> GPT-3 — The Scale Laws_
175 billion parameters. "Scale is all you need."
> DEEP DIVE_
In June 2020, OpenAI unveiled GPT-3, and the world learned what happens when you scale a language model to 175 billion parameters. Trained on roughly 570 gigabytes of text at an estimated cost of $4.6 million in compute alone, GPT-3 was more than 100 times larger than GPT-2. But the real surprise was not its size; it was what that size enabled. GPT-3 could perform tasks it had never been explicitly trained on simply by being given a few examples in its input prompt. This "few-shot learning" capability meant that a single model could translate languages, write code, compose poetry, answer trivia, summarize documents, and generate creative fiction, all without any fine-tuning or architectural modification.
The paper "Language Models are Few-Shot Learners" demonstrated that scaling up model size, dataset size, and compute led to smooth, predictable improvements in performance across a stunning range of benchmarks. This was formalized by Jared Kaplan and colleagues at OpenAI in a separate paper on "Scaling Laws for Neural Language Models," which showed that model performance followed power-law relationships with compute, data, and parameter count. The implication was profound and unsettling: if you wanted a better model, you didn't need a better algorithm. You just needed to spend more money. Rich Sutton's "Bitter Lesson," his 2019 essay arguing that general methods leveraging computation always ultimately win over methods that leverage human knowledge, had found its most dramatic confirmation.
OpenAI released GPT-3 not as an open model but as a commercial API, marking a fundamental shift in how AI capabilities were distributed. Developers could access GPT-3 through a simple HTTP request, paying per token. Within months, hundreds of startups emerged, building products on top of GPT-3's capabilities: copywriting tools, code assistants, chatbots, content generators, and applications no one had anticipated. Jasper AI, Copy.ai, and dozens of other companies raised millions of dollars building thin wrappers around GPT-3's API. The startup explosion demonstrated both the economic potential of large language models and their potential to create entirely new product categories.

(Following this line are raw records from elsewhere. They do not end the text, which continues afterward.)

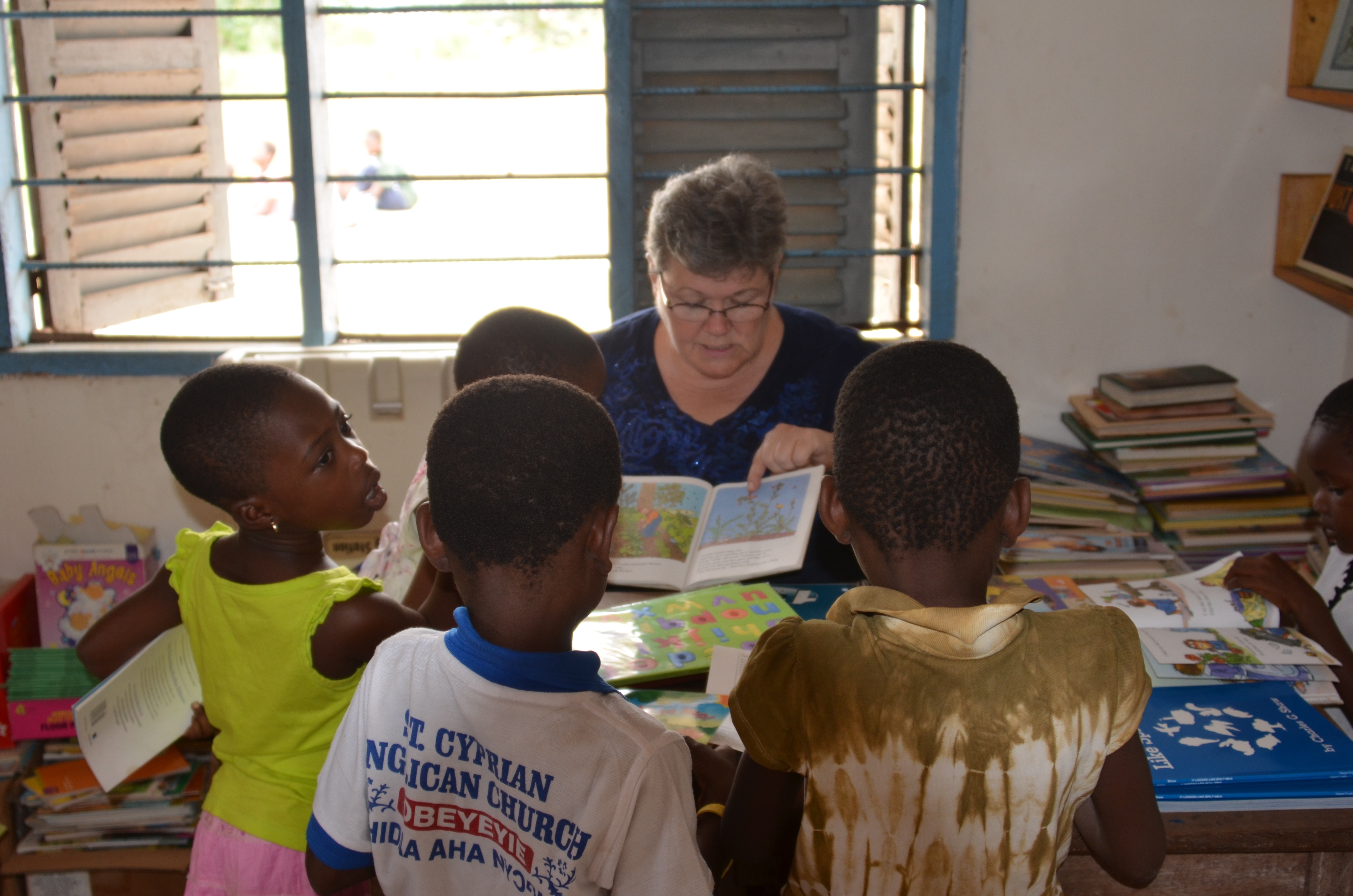 We were called back to work. One group of people assembled supply bags for each child so they would have everything they needed for the week. I headed to the library to level the books that were there and all of the books that we brought with us so that all of the books that were out were camp level. When I emerged from the library people were scattered all over the place. Bruce & Scott were working on the playground, Maggie got a soccer game going, Raegan, Elizabeth, and Adriana were on the playground and Debi & Kimberly were singing and playing with children on the porch and there were children everywhere. If there was any doubt why we were all here in Ghana, here was the reason: all of those beautiful, hopeful faces.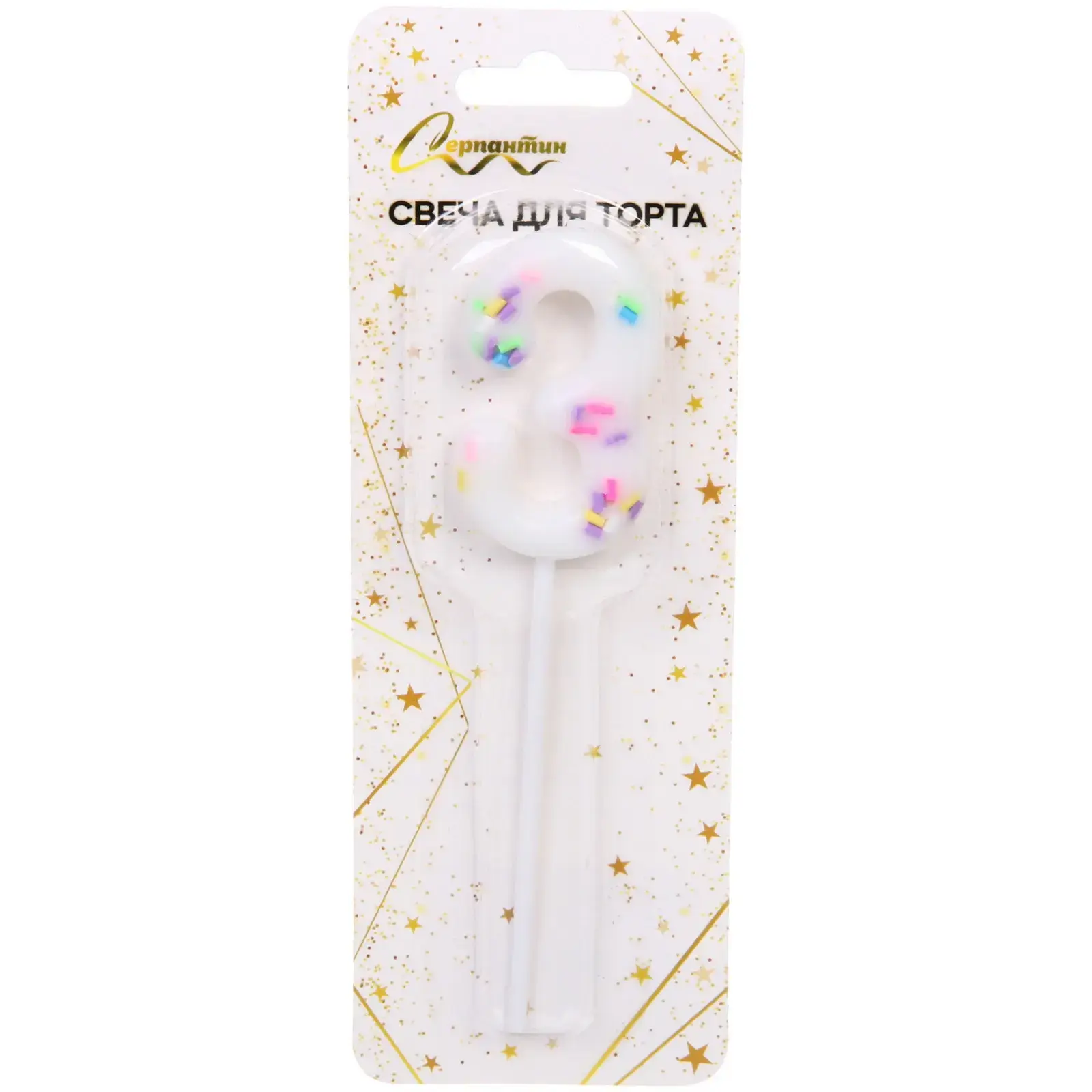 Свеча для торта в виде цифры «3» — это идеальный элемент для вашего торжества. Она добавит яркие эмоции и создаст атмосферу радости на любом празднике. Выполненная в белом цвете с разноцветными фигурными конфетти, эта свеча станет настоящим украшением вашего торта и привлечет внимание всех гостей.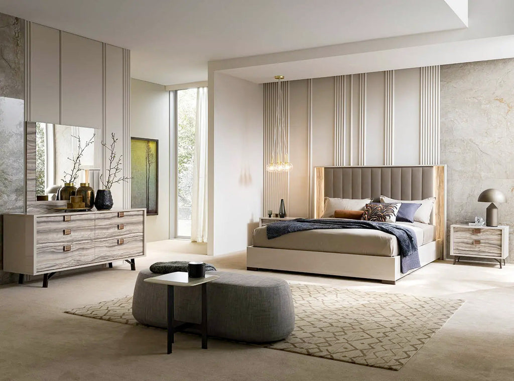 The combination of two one finishes defines the style of this collection. Pearl Eco Veneer and natural wood finish simply look stunning. The Dresser features a soft-closing mechanism.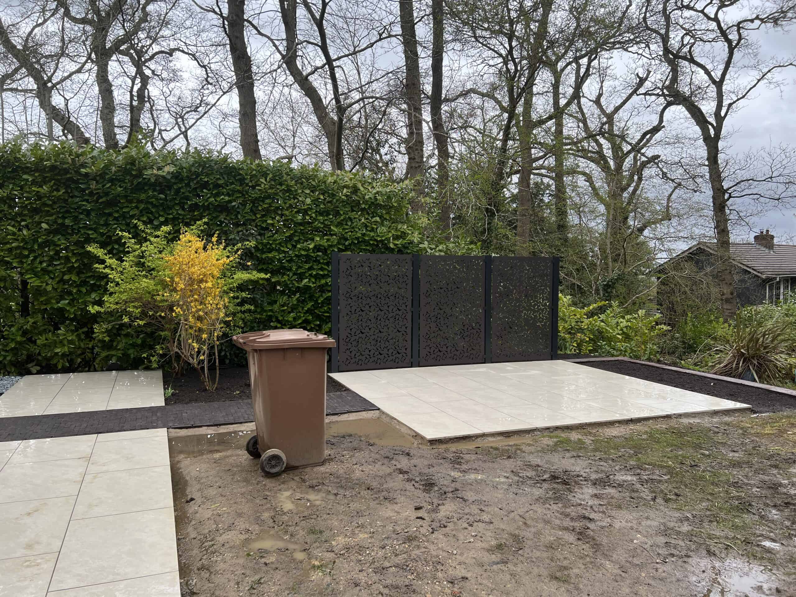 A sleek porcelain patio with a decorative privacy screen, perfect for outdoor living in Wrecclesham. Expertly installed by ConstrucTek.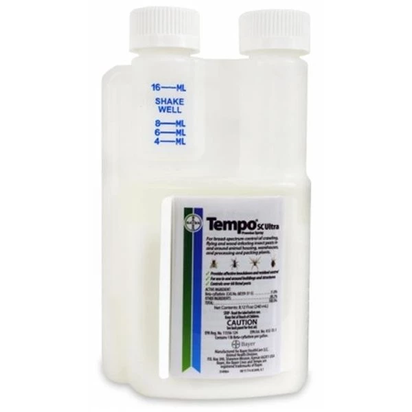 Tempo SC Ultra Insecticide is a liquid formulation containing 1 lb active ingredient per gallon which will provide effective knockdown and residual control of the pests listed in its label.Active Ingredient:Beta-cyfluthrin; Cyano (4-fluoro-3-phenoxyphenyl) methyl 3 (2-2 dichloroethenyl) 2-2 dimethylcyclopropanecarboxylate: 11.8%.Other Ingredients: 88.2%.Total: 100.0%.Caution: Harmful if swallowed inhaled or absorbed through skin. Causes moderate eye irritation. Avoid contact with eyes skin or clothing. Avoid breathing spray mist. Wash thoroughly with soap and water after handling and before eating drinking or using tobacco. Remove contaminated clothing and wash before reuse.First Aid:If swallowed: Call a poison control center or doctor immediately for treatment advice. Have person sip a glass of water if able to swallow. Do not induce vomiting unless told to do so by a poison control center or a doctor. Do not give anything by mouth to an unconscious person.If on skin or clothing: Take off contaminated clothing. Rinse skin immediately with plenty of water for 15-20 minutes. Call a poison control center or doctor for treatment advice.If in eyes: Hold eye open and rinse slowly and gently with water for 15-20 minutes. Remove contact lenses if present after the first 5 minutes then continue rinsing eye. Call a poison control center for treatment advice.If inhaled: Move person to fresh air. If person is not breathing call 911 or an ambulance then give artificial respiration preferably mouth-to-mouth if possible. Call a poison control center or doctor for further treatment advice. Have the product container with you when calling a poison control center or doctor or going for treatment.Note To Physician: No specific antidote is available. Treat the patient symptomatically.Directions for use: It is a violation of Federal law to use this product in a manner inconsistent with its labeling.Important: Read these entire Directions for Use and Conditions of Sale before using Tempo SC Ultra Insecticide.Note:Bayer Animal Health.Shake Well Before Using. Stop – Read The Label Before Use. Keep Out Of Reach Of Children.Precautionary Statements.Hazards To Humans And Domestic Animals.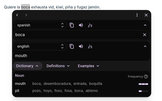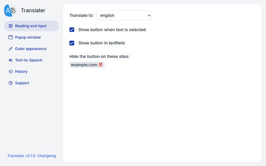 - Select-and-translate: highlight text and click the button to get a translation

The release of GPT-3 also forced a reckoning with the economics and politics of AI. Training a 175-billion-parameter model was beyond the budget of any university lab and most companies. AI research, which had historically been an academic pursuit, was rapidly becoming an industrial one, with the largest models accessible only to organizations with tens of millions of dollars in compute budgets. This concentration of capability raised urgent questions about power, access, and equity that the field is still grappling with today. GPT-3 proved that scale was a path to capability, but it also proved that this path had a very expensive toll.